**Work to complete:** Your output should be the lines from the one containing "1-5月,同城、异地、国际/" through the end of the listing, exact and inclusive, with no pictures.

**Supplied information:**
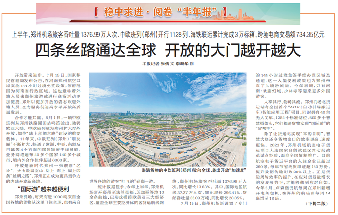 上半年,郑州机场旅客吞吐量1376.99万人次、中欧班列(郑州)开行1128列、海铁联运累计完成3万标箱、跨境电商交易额734.35亿元
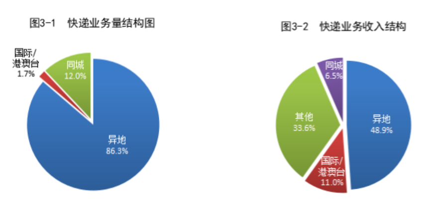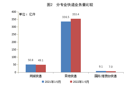 1-5月,同城、异地、国际/港澳台快递业务量分别占全部快递业务量的12.0%、86.3%和1.7%;业务收入分别占全部快递业务收入的6.5%、48.9%和11.0%。与去年同期相比,同城快递业务量的比重下降0.8个百分点,异地快递业务量的比重上升1.4个百分点,国际/港澳台业务量的比重下降0.6个百分点。
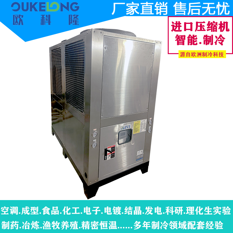歐科隆25HP風(fēng)冷式304不銹鋼冷水機(jī)是一款工業(yè)級(jí)高防腐制冷設(shè)備,專用于食品醫(yī)藥、化工電鍍等腐蝕性環(huán)境。整機(jī)核心部件采用304不銹鋼材質(zhì),兼具大冷量與卓越耐腐蝕性能。

**Exercise response:**
 1-5月,同城、异地、国际/港澳台快递业务量分别占全部快递业务量的12.0%、86.3%和1.7%;业务收入分别占全部快递业务收入的6.5%、48.9%和11.0%。与去年同期相比,同城快递业务量的比重下降0.8个百分点,异地快递业务量的比重上升1.4个百分点,国际/港澳台业务量的比重下降0.6个百分点。
歐科隆25HP風(fēng)冷式304不銹鋼冷水機(jī)是一款工業(yè)級(jí)高防腐制冷設(shè)備,專用于食品醫(yī)藥、化工電鍍等腐蝕性環(huán)境。整機(jī)核心部件采用304不銹鋼材質(zhì),兼具大冷量與卓越耐腐蝕性能。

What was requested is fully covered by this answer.